Wednesday, June 14, 2006

 

Tornadaho

Midwesterners will call me a pussy. In fact, I'll pre-emptively call myself one. Yesterday, I made one of the poorer decisions of my life (I know, that's saying something) when I heard there was a tornado warning in a nearby part of the county and decided to drive there to do some storm chasing. It very quickly went from "Awesome," to "Oh, shit."

It's been a strange, rainy spring here in the high desert of southern Idaho - we've already had two reported tornados in a state that averages about a three a year - and it's not even officially summer yet.

The weirdness continued yesterday with unusually humid conditions leading to a weather pattern more like the Midwest or South than the Rockies. A line of severe thunderstorms came crashing into southwest Idaho bringing large hail and at least one funnel cloud. When I heard the storm was going to hit nearby Kuna in about 20 minutes and possibly bring tornados I decided to drive out there to see what I could see.

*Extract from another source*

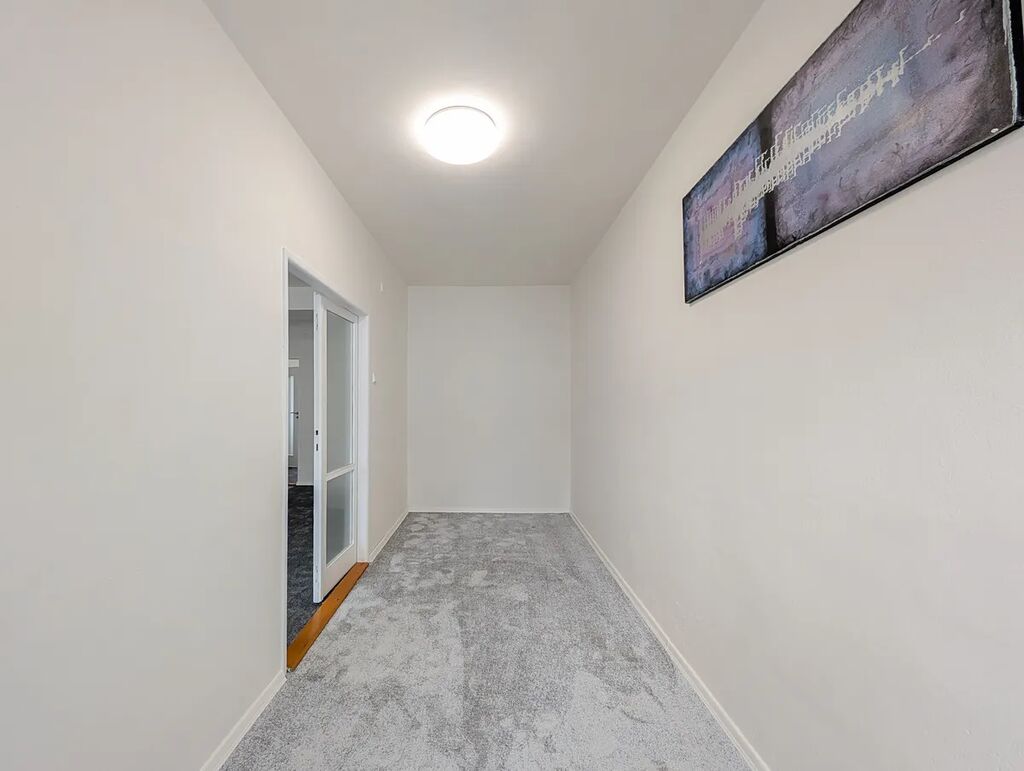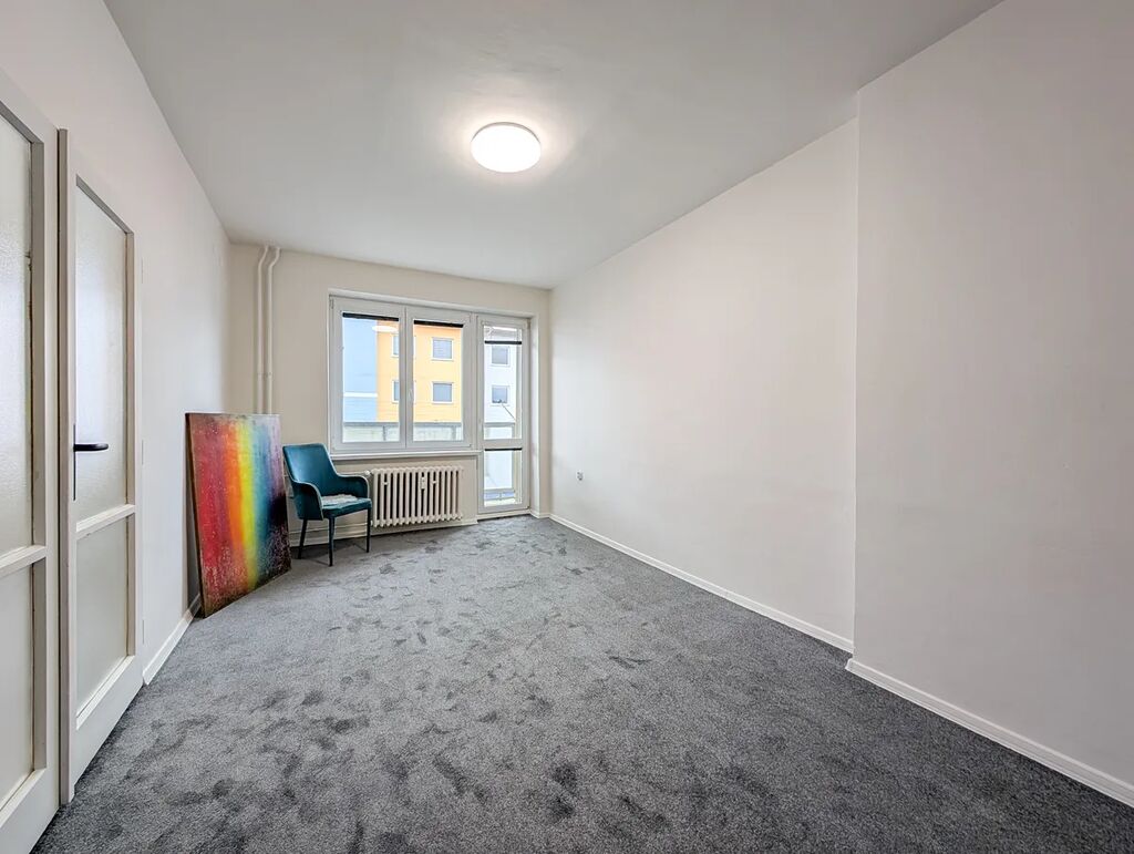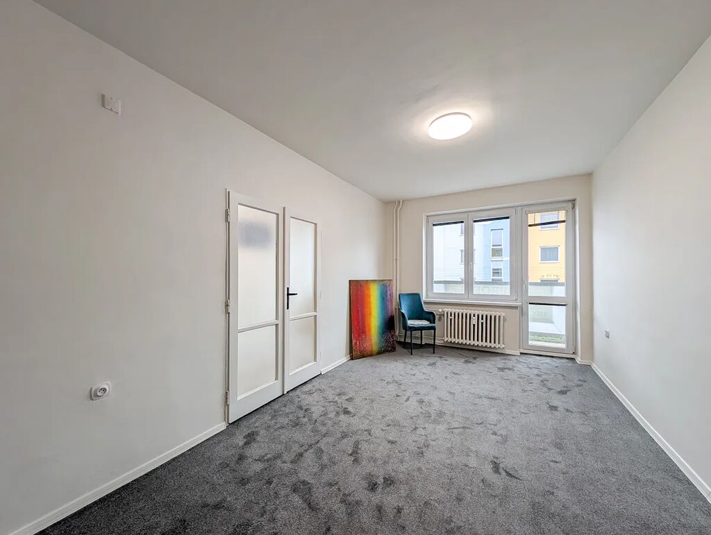 Byt je průběžně udržovaný a těšit se můžete na plastová okna, nové podlahové krytiny a interiérové dveře. Koupelnové jádro je původní, avšak také prošlo v dřívějších letech modernizací, kdy bylo obloženo obklady, instalován sprchový kout a příprava na pračku. Z obývacího pokoje je přístup na balkon orientovaný na jih a díky tomu je v interiéru dostatek světla po celý den. Pokud by Vám současná dispozice nevyhovovala, lze z bytu vykouzlit vzdušné 3+kk nebo bydlení s třemi neprůchozími pokoji.

On the way over I could see sinister clouds with a very clear rotational pattern and lots of lighting. But the rain and winds were light and I still wasn't thinking too much of it. Then I got to Kuna a few minutes ahead of the storm predictions and the rain picked up a little, but still nothing I haven't seen before.

Soon, though, I heard a crash on my roof and I thought a rock had hit my car. Then it sounded like it was raining rocks and I saw sheets of nickel-size hail pounding my hood and windshield. The sky was nearly black, it sounded as though my windshield was going to break from the hail and all the drivers around me suddenly lost their minds, swerving, pulling off the road and generally doing their best to make it even more dangerous to be driving through a potentially tornadic system.

"Hmm," I thought, "I'm a fucking idiot."

So what could I do? I continued driving down the increasingly waterlogged roads praying my windshield would hold and hoping to see the tornado and not be the tornado.

Ten minutes later it was blue skies. No tornado, no broken glass (although the storm did break car windows in the mountains), just some very minor street flooding. And I drove back to the office, knowing my hardy, storm-tested Midwestern relatives would be ashamed I was afraid of a little thunderstorm.

Comments:
Last summer my husband was either very nearly hit or hit by lightning in our front yard during a monsoon thunderstorm.
That was nifty.
 
Tough wasn't the word I was thinking of.
 
Well, he wasn't sure. He was all tingly...
He's pretty tough.
I don't know what word the Druz was thinking of...maybe...insane?

He also took the opportunity presented by our first summer thunderstorm to play "Deadliest Catch" and BBQ out in the pouring rain...yeah, he's "insane".